Kesalahan pemeriksaan klinis
Terjadi kecelakaan medis
Resiko yang sudah diketahui pasien sebelumnya. Resiko ini seringkali besar dan
berbahaya. Kelalaian pasien sendiri.
Saat menentukan kesalahan diagnosis karena malpraktik medis dokter, Anda dapat
menggunakan standar yang telah ditentukan untuk memeriksa:
1) Harus ditentukan apakah dokter yang bersangkutan memenuhi faktor kelalaian,
dalam hal ini dokter perlu bekerja keras untuk memastikan tidak ada kesalahan
diagnosis akibat kesalahan, seperti kesalahan dalam membaca hasil pemeriksaan
pasien.
2) Perilaku dokter dalam menjalankan tugasnya harus sejalan dengan kedokteran. Hal
ini sangat penting dan dapat membuktikan bahwa tingkah laku dokter adalah
penyimpangannya.
3) Keterampilan rata-rata tenaga medis.
4) Terjadi dalam kondisi serupa.
5) Perilaku medis yang diupayakan harus sesuai tujuan perilaku medis.
Ketentuan Hukum Dalam Hal Menuntut Dokter Akibat Kesalahan Diagnosis yang
dilakukannya
a. Tanggung Jawab Etis
Dokter harus mematuhi Kode Etik dan “Sumpah Dokter”, yang mengatur jenis-jenis
pelanggaran etika murni dan pelanggaran etika yang melanggar hukum. Untuk lebih
spesifiknya, berikut ini adalah beberapa contoh pelanggaran etika murni dan
pelanggaran etika (pelanggaran moral yang disertai tindakan ilegal), yaitu:
1) Pelanggaran etika murni
Meminta penghargaan secara tidak sah dan berlebihan dari anggota keluarga
pasien
Pemindahan pasien tanpa izin sebelumnya dari keluarga pasien
Arogansi / memuji diri sendiri di depan pasien
Pendidikan kedokteran yang diterima tidak sesuai dengan profesi dokter
Kesampingkan kesehatan Anda
2) Pelanggaran etika
Dokter yang melayani pasien tidak memenuhi standar yang ditentukan
Membuat sertifikat ilegal / palsu
Aborrtus Provokatus
Penularan umum, tidak bertanggung jawab atas pekerjaan dokter.
9
c. Tanggung Jawab Pidana
UU No. 29 tentang praktik kedokteran tahun 2004 mengatur tentang
pertanggungjawaban pidana dokter. Enam pasal menjelaskan tindak pidana yang
dilakukan oleh bidang kesehatan, antara lain:
1) Kejahatan medis yang sebenarnya tanpa Surat Tanda Registrasi (STR) (Pasal 75)

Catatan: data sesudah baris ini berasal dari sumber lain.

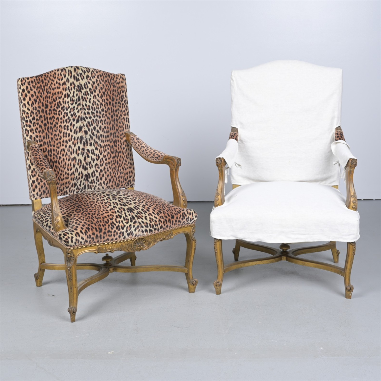 A PAIR OF REGENCE-STYLE FAUTEUILS UPHOLSTERED IN CHEETAH PRINT FABRIC (ONE IN A SLIPCOVER) (112CM H X 70CM W X 60CM D)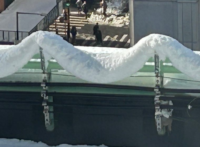 So we’re all clear: this is a narrow setback roof on the building she’s in, facing the street beyond. Her question1 to me, accompanying the photo was “Tensile strength of snow?” Unfortunately, the answer is “meh.”

2) Kejahatan praktik kedokteran tanpa surat izin praktek (SIP) (Pasal 76)
3) Kejahatan yang menggunakan gelar atau bentuk tanda lain untuk memberi kesan
kepada orang lain. dokter dengan STR dan SIP (Pasal 77)
4) Tindak pidana penggunaan alat dan cara pelayanan kesehatan, menimbulkan kesan
dokter dengan STR dan SIP (Pasal 78)
5) Kartu nama tindak pidana praktek dokter, Tidak ada medis catatan dibuat dan tidak
berdasarkan standar profesional (Pasal 79).

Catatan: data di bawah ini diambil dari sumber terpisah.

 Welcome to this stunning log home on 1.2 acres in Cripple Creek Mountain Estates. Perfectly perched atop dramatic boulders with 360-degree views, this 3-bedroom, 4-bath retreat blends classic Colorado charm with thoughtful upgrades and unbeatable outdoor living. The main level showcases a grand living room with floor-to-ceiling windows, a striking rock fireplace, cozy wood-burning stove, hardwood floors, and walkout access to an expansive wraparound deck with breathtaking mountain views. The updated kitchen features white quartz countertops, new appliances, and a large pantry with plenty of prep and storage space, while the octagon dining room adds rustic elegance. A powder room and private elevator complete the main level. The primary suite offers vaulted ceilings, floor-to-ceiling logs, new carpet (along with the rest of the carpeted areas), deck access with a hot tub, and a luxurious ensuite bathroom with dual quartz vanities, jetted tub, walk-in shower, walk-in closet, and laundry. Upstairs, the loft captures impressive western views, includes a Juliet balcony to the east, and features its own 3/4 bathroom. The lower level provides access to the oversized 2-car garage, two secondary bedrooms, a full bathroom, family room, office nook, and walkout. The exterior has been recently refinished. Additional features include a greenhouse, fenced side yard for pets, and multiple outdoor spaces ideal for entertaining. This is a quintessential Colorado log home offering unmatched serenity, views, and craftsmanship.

6) Tindak pidana mempekerjakan dokter tanpa SIP (Pasal 80)
Pada saat yang sama juga, pelanggaran kontrak membutuhkan kesepakatan antara
dokter dan pasien. Berdasarkan kesepakatan ini biasanya akan dihasilkan kesepakatan
bisnis (inspanningverbintenis), kesepakatan hasil / hasil (resultatverbintenis) atau
kesepakatan hasil bersyarat (hasil verbintens voorbehaud). Disebut partisipasi bisnis
atau (inspanningverbintenis) karena dilandasi kewajiban bisnis. Dokter harus
berusaha semaksimal mungkin agar usahanya dapat menyembuhkan penyakit pasien.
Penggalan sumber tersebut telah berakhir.